三是税费使用的视角。较高的税费负担会阻碍经济增长与社会稳定,是各界长期具有的共识,但国际实践表明,类似瑞典、丹麦、芬兰、冰岛、挪威等北欧国家虽然税负均排在历年全球税负痛苦指数前列,但这些国家也往往因优美的环境、健全的社会保障制度、高度平均的资源分配而长期成为全球最宜居、最幸福的国家。这也很大程度上表明,税费负担水平的高低、痛感的轻重有必要与财政资金的使用方向结合在一起,才能更好地分析其合理性。从我国来看,据财政部国库司公布的数据,2016年全国一般公共预算支出187841亿元,涉及民生的教育支出、社会保障和就业、医疗卫生与计划生育、城乡社区等民生支出合计为81363亿元,约占43.31%。虽然与之前有了明显的改进,但是与发达国家相比,无疑还存在一定的差距。相反,我国行政性管理支出与经济建设支出较之发达国家普遍为高。这使得当前我国公共服务供给结构一定程度上仍然呈现出不合理的局面,且易产生双重不良后果:纳税人的高税费负担因未带来相应的较高民生福利满意度,因而税负痛感会更加明显;正因为政府在民生投入方面还存在不足,往往需要企业支付较高的社会保障费用为未来提升民生福利“买单”,从而导致企业税费负担更加沉重。因此,如何更好地让税费收入发挥出更大的促进经济增长与社会发展的功能,更值得思考与关注。
(三)税费负担并不是企业投资考虑的主要目标
企业是市场经济活动的主体,在产权界定清晰的前提下,其天性是追求自身利益的最大化。而企业的投资行为就是企业针对市场上众多投资产品和投资项目,根据自身制定的战略目标进行有效组合,以此实现自身价值最大化的选择过程。很明显,企业在进入市场参与竞争之前,税费负担问题不是投资考虑的主要目标,因为正常的税费负担是所有企业不能回避的基本支出。实践中,企业经营活动追求的目标是多元的。一般来说,作为市场经营的主体,企业投资决策时更多地关注市场投资报酬率、投资风险、投资回收速度、资本结构等因素,企业通过各种投资组合的选择与搭配,根据自身资产拥有的情况与特点最终形成投资方案。当然,投资决策的形成过程中,也总会受到各种其他因素的影响。从实际运行分析,企业投资行为需要尽可能规避风险,而最大的风险在于不确定性。这些不确定性主要包括相关体制转变、政策导向调整、市场需求变化等。很明显,与其他不确定性的风险因素相比,税费制度具有一定的稳定性与确定性,从这个角度来看,税费问题也不是影响企业决定投资与否的关键性因素。
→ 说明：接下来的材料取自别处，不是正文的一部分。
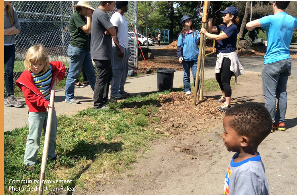
Community Involvement

Urban Releaf (2016, Oct 29). Tribute to Muhammad Ali Planting Oct - 2016 [Video File]. Retrieved from https://www.youtube.com/watch?v=8qnAP9SOA9I .
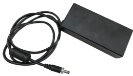
▲ AC power adapter (for GOT110--316-J)
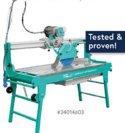
IMER COMBICUT 350/1200
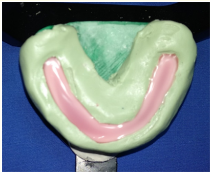
Figure 5: Index of the Neutral Zone.
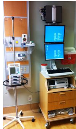
Dual monitors on a fetal monitor cart.
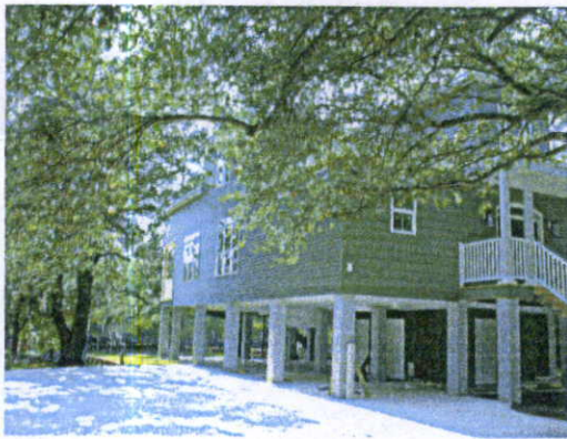
Front Left (6/18/15)

If using the Elevation Certificate to obtain NFIP flood insurance, affix at least 2 building photographs below according to the instructions for Item A6. Identify all photographs with date taken; "Front View" and "Rear View"; and, if required, "Right Side View" and "Left Side View." When applicable, photographs must show the foundation with representative examples of the flood openings or vents, as indicated in Section A8. If submitting more photographs than will fit on this page, use the Continuation Page.
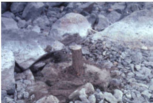
Figure 7. Willow post emerging from the ground

Planting a CGR can be accomplished by either pre-growing plants hydroponically in water troughs at the nursery or by planting them in place along the streambank. In either case, one must create a hole in the CGR in which to
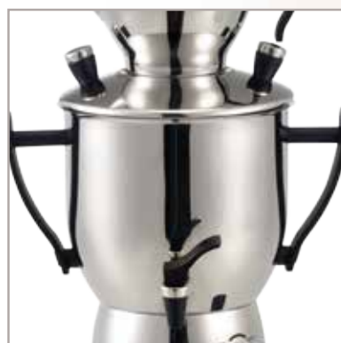
3.0 l water container
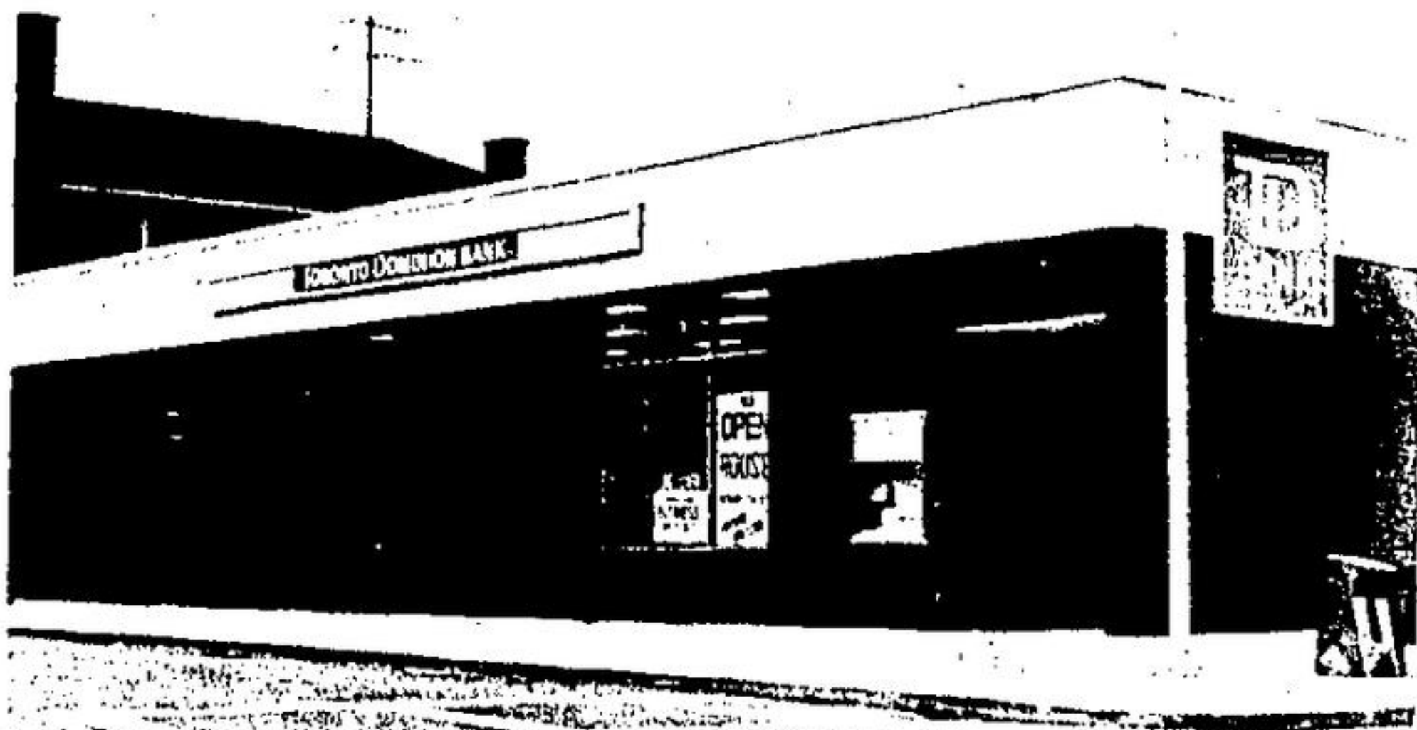
ACTON'S FOURTH bank, the Toronto-Dominion will hold Open House Monday October 5 and will be open for business Tuesday morning October 6. The new bank is located at the corner of Mill and Willow Streets, on land formerly occupied by the town's old post office.

"The future of Acton looks good, and we would like to grow with it," smiles Acton's fourth and newest bank manager.
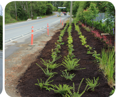
Paving and landscaping progress along Cumberland Rd.
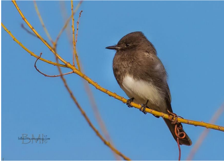
21 Dec 2017
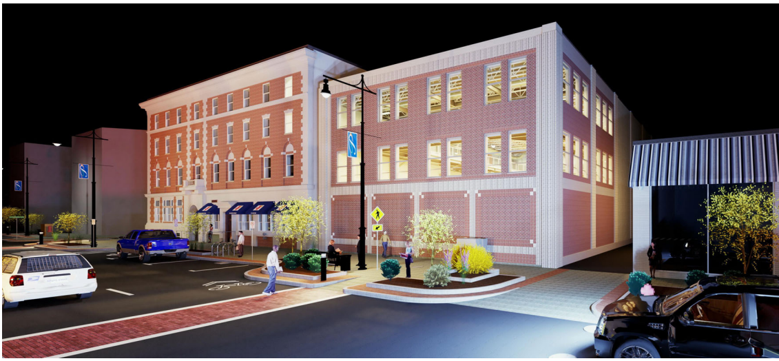
Rendering of the Berkshire Family YMCA's Pittsfield branch addition, which broke ground in November.
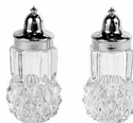
Salt and pepper (cut glass, not filled) 1.50
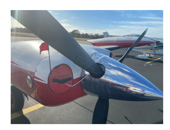
Cessna 401A Engine Inlet Plugs
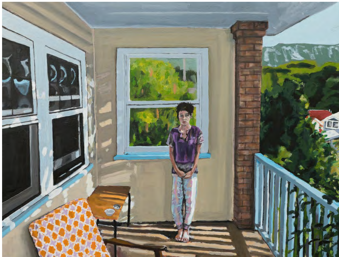
Front Balcony (morning), 2020
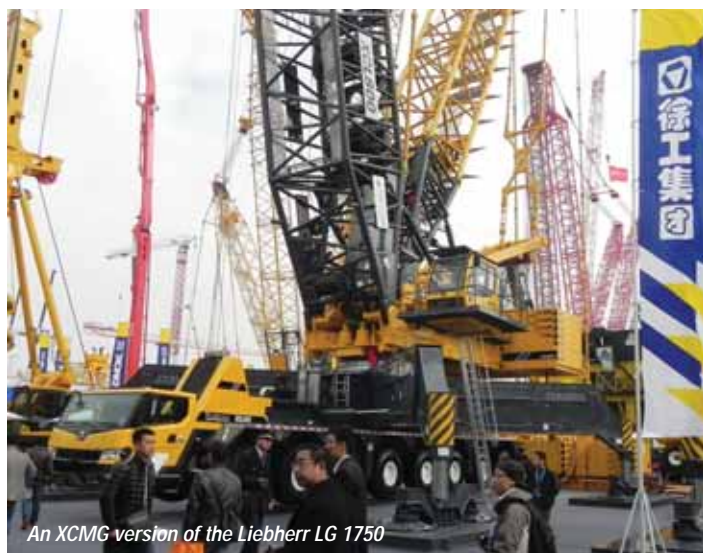
An XCMG version of the Liebherr LG 1750

a height of 96 metres and a radius of 13 metres. The unit travels with its telescopic tower in place and needs a support crane to lift and attach the top boom and install the outriggers which are transported separately.
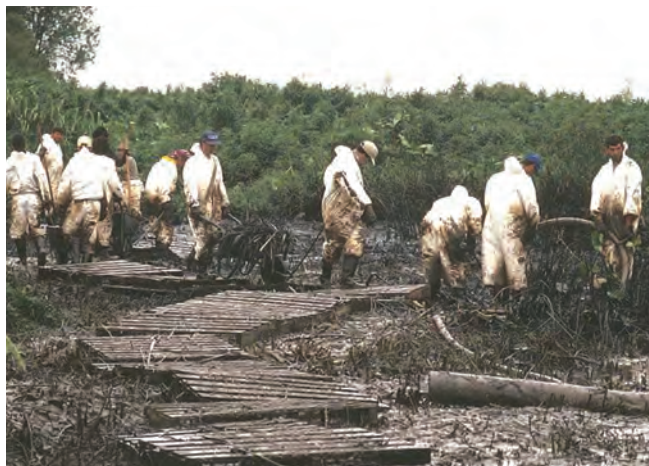
▲ Figure 40: Intrusive clean-up of an oiled marsh caused considerable additional damage over and above that of the oil itself.

The potential performance of the workforce is difficult to judge until work has commenced and has been underway for some time. For this reason, deciding how many workers are required on a shoreline is best achieved by establishing a small-scale operation on a representative section of the shoreline and then replicating this approach with the appropriate level of manpower in other areas of the shoreline, once working practices have been optimised. The number of people required will be determined by the demands of the clean-up technique employed and the amount of material that can reasonably be handled within a day. However, the performance of the workforce will also be influenced by their training, motivation and supervision, as well as the shoreline type, accessibility, weather conditions and the levels of contamination. Ideally, the workforce should be drawn from a local organisation with an existing management structure, offering established lines of authority and working relationships. While military command structures meet these criteria and might appear to lend themselves well to this type of operation, they can result in the teams being too large and some modification to the structure may be necessary. Further information may be found in the separate paper on Leadership, Command and Management of Oil Spills.
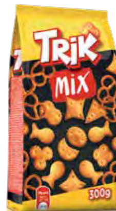
76. TRIK Mix / 300g
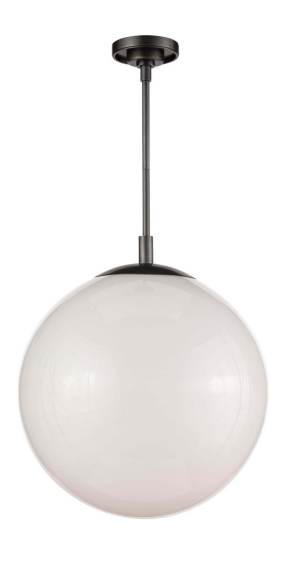
16-1251 Bistro Pendant Medium
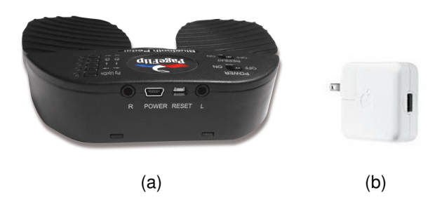
Figure 3: (a) Rear view of PageFlip Cicada. Attach the mini-USB end of the 6' USB power cable into the rear POWER outlet and connect the other end into (b) any USB AC adapter, such as those found on iPads and iPhones.

In addition to being battery-operated, PageFlip Cicada may also be plugged into the wall via a USB AC adapter. For added versatility, the pedal may be powered by connecting it directly to the USB port of a computer. A USB power cable (Fig. 1) is included for use with any USB AC adapter, such as those included with iPads and iPhones (Fig. 3(b)). Simply plug one end of the power cable into the mini-USB outlet on the rear of the PageFlip Cicada (Fig. 3(a)) and plug the other end into the USB AC adapter.
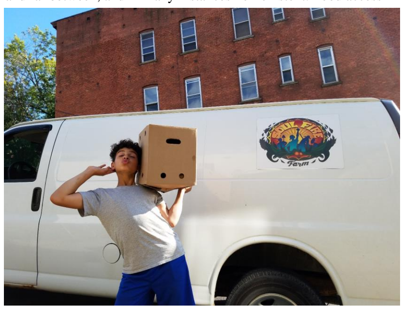
Soul Fire Farm doorstep delivery, dismantling transportation barriers

research has found that "most lowincome households attempt to use cars for food shopping, even though more than half cannot rely on a car that they own."1 These transportation challenges constrain not only poor car-dependent communities in rural and suburban areas, but also denser poor urban communities where personal vehicles are not as prevalent, especially urban communities of color. For instance, "1/3 of all predominantly black census tracts in New York City lack walking or subway access to supermarkets."<sup>2</sup> At the same time, farms and other local food retailers lack the
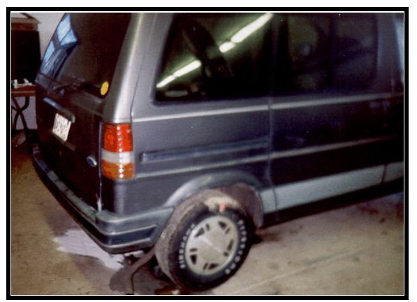
Figure 22. Right rear, Ford Aerostar
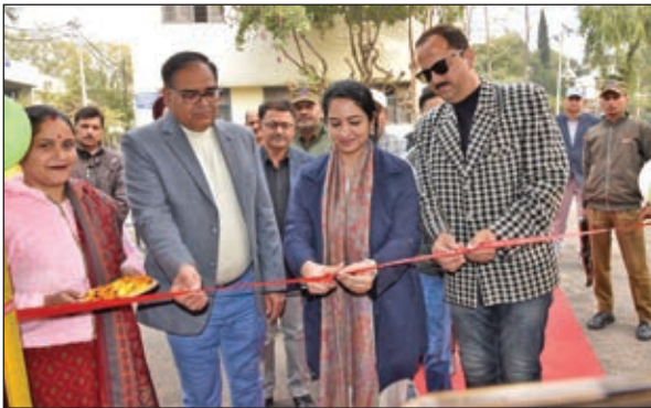
DC Saloni Rai inaugurating "Didi Ki Rasoi" canteen at Government Degree College Boys Udhampur.

This initiative serves two key objectives: providing a steady source of income for women Self-Help Groups and offering affordable, nutritious meals to college staff, students, visitors and the general public, thereby promoting health and well-being in the district.
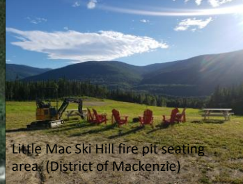
Little Mac Ski Hill fire pit seating area (District of Mackenzie)
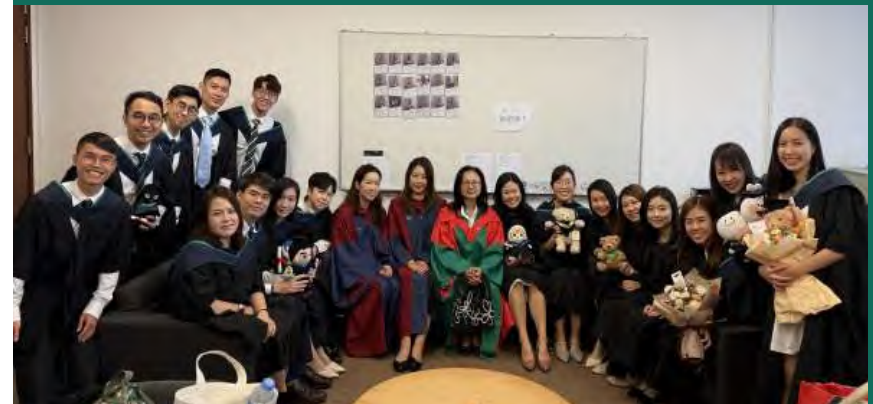
Graduates from the cohort 2022-2024
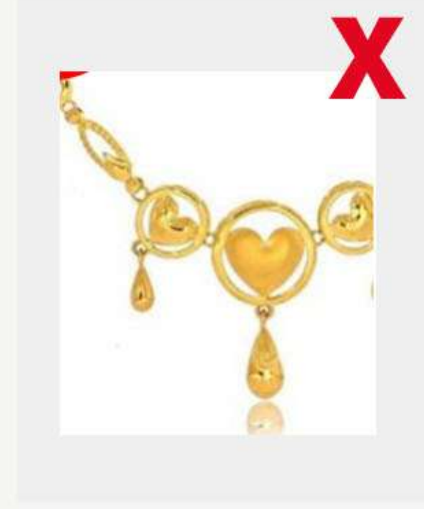
Half cut images
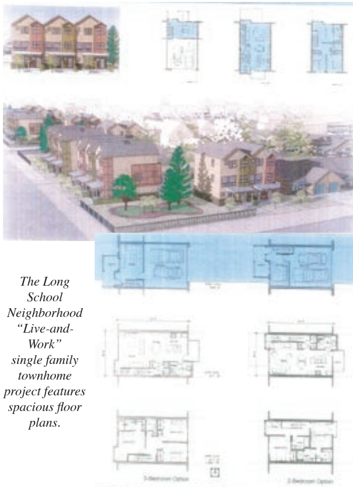
The Long School Neighborhood “Live-and-Work” single family townhome project features spacious floor plans.

The “Vancouver” model will be NCDC’s first single family home in South Omaha. The 1,378 square foot home will have three bedrooms and two baths and feature such amenities as a stove, refrigerator, microwave, dishwasher, garbage disposal and security system.
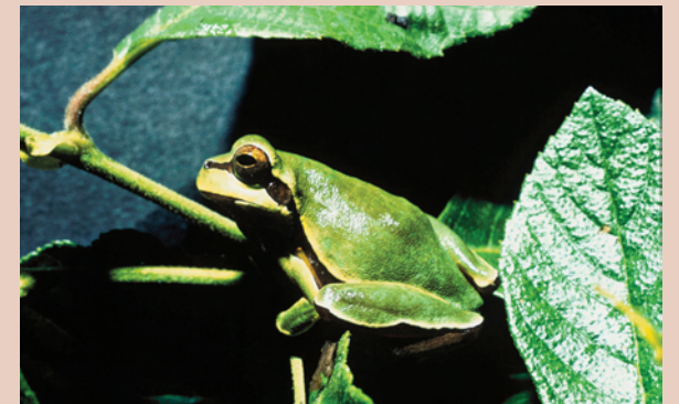
Pine Barren Tree Frog

example involving the Bullfrog. Historically, this large and dominant frog species was not found in the Pine Barrens region of NJ because of the highly acidic water. Due to pollution, the water became less acidic allowing Bullfrogs to move in and take over species native to that area: the Pine Barren Treefrog is now threatened and the Carpenter Frog is a species of special concern.
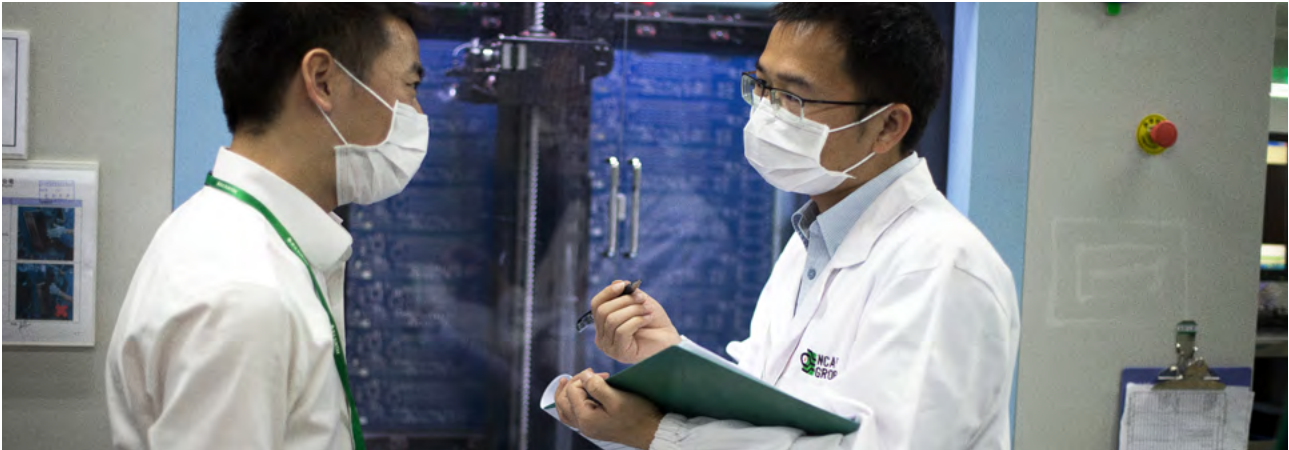
To ensure the best quality for our customers, we set up a dedicated team from among the factory's own staff. We train this dedicated team ourselves, an approach that boosts the quality of the final result. This essentially results in us having 20 quality inspectors on-site instead of two.

“We use an application we have developed ourselves that enables us to see in real-time whether the PCB deliveries are on track, with the system alerting us if it detects a risk of a delivery being delayed.”
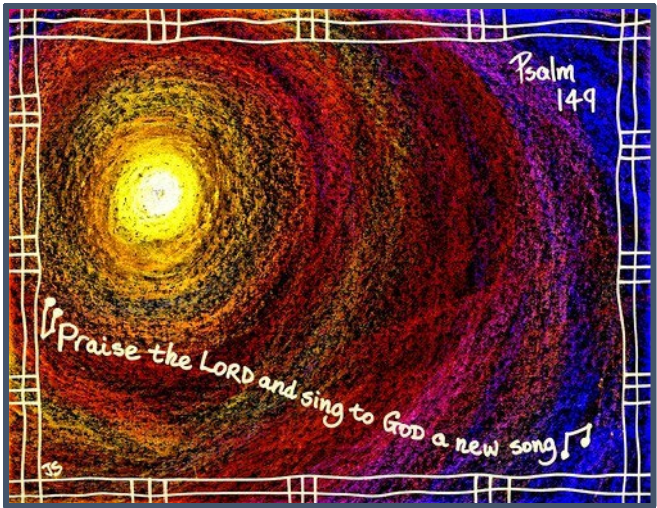
"Praise the LORD and Sing to God a New Song" by Stushie Art
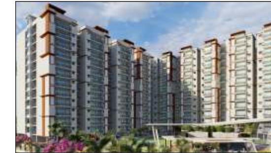
ENCLAVE 2 & 3 BHK APARTMENTS Kanpur Road, Lucknow
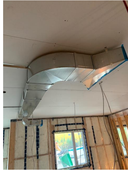
Duct Work Installation on Second Floor Suite Ceilings - West Wing
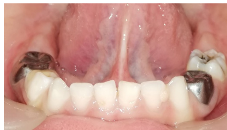
Figure 6. Six months follow-up photograph.
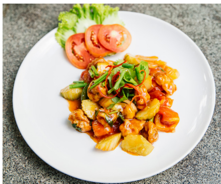
ធាជូអែមតៅហ្វូ SWEET AND SOUR TOFU Deep-fried tofu cooked with sweet and sour sauce, onions, pineapple, cucumbers and tomatoes $7.25
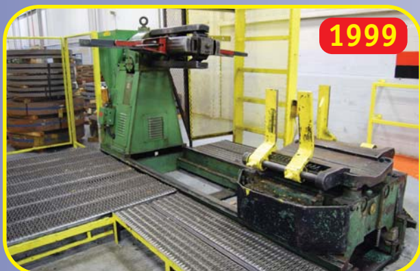
LITTELL '90-30' POWERED UNCOILER & BUGGY; S/N. 89691-89; 10,000 LB X 30" WIDE COIL CAPACITY, 60" MAX. COIL O.D., 20" ~ 24" LITTELL '41805PD' STRAIGHTENER; S/N. 78327-70' 12" WIDE X .125".

The Following Coil Line is Operating with the 500 TON BLOW 'SC2-500-120-54' Press:
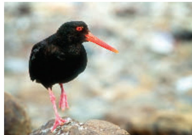
Variable oystercatchers nest on sandy and shingle beaches. This makes them and their chicks vulnerable to injury and death if vehicles are driven on the beach.

Sediments provide food and habitat for many coastal invertebrates but heavy metals can undermine their vitality. Sediment quality guidelines from the Australia New Zealand Environment and Conservation Council (ANZECC) set out tolerances for heavy metal concentrations. The survey sites comfortably met ANZECC guidelines, probably because the coarse nature of their sediment allows heavy metals to filter straight through them.
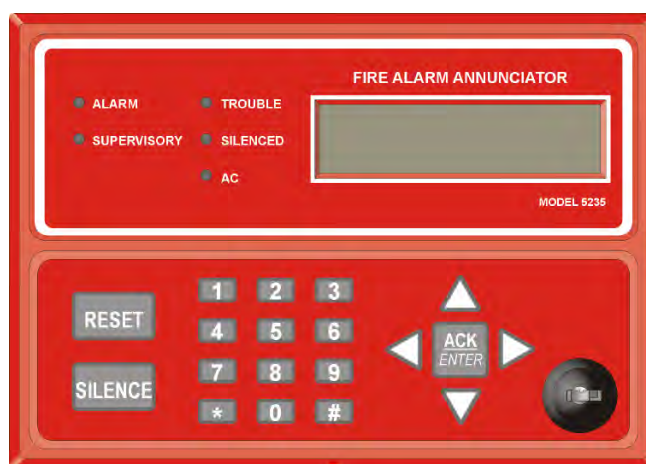
SK-5235 Remote Annunciator

Users identify themselves to the control panel by entering a code on the annunciator. When a user presses a button, the annunciator piezo beeps and the LCD prompts the user to enter a code or other relevant information.
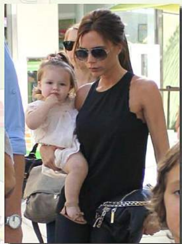
Victoria Beckham and Harper at Giggles N' Hugs
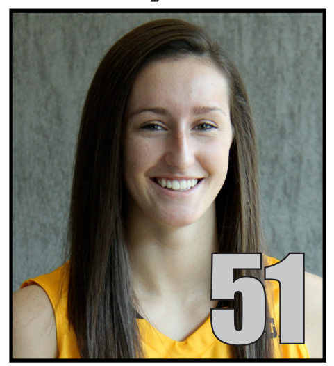
Center • 6-4 • Junior Oakdale, Minn. Hill-Murray

此外,尽管成本问题是企业投资决策应考虑的因素,而税费负担也构成成本的组成部分,但投资决策的成本因素更多是从企业投资总成本的角度加以考虑,而税费问题本身并不是总成本的主要组成部分。具体来说,对企业而言,其战略目标在于创造和维持长期竞争优势,其经济利益的最大化也就是总收入与总成本之间差额的最大化。在总收入一定的情况下,要实现经济利益的最大化就必须使总成本最小化。在企业投资与生产经营中,其成本既包括税费负担,也包括人工成本、资金成本、能源资源成本、物流成本、制度性交易成本、创新创业成本、其他生产经营成本和管理费用等期间成本,显然,降低任何成本都有助于提高企业总体的经济效益,但税费负担并不构成企业生产经营过程中与投资过程中最为主要的成本构成部分。
(四)促进企业投资有必要降低企业综合运行成本
上述分析表明,税费负担尽管不是企业投资选择的首要因素,但毕竟构成企业综合运行成本的组成部分,何况我国全口径政府收入占GDP的比重长期过高,也表明企业的税费负担确实不轻,因此,促进企业投资,提振经济活力,显然有必要继续努力降低企业综合运行成本。尤其是在全球经济复苏乏力,有可能陷入更长周期经济萧条期,而国际竞争不断加剧的今天,更应如此。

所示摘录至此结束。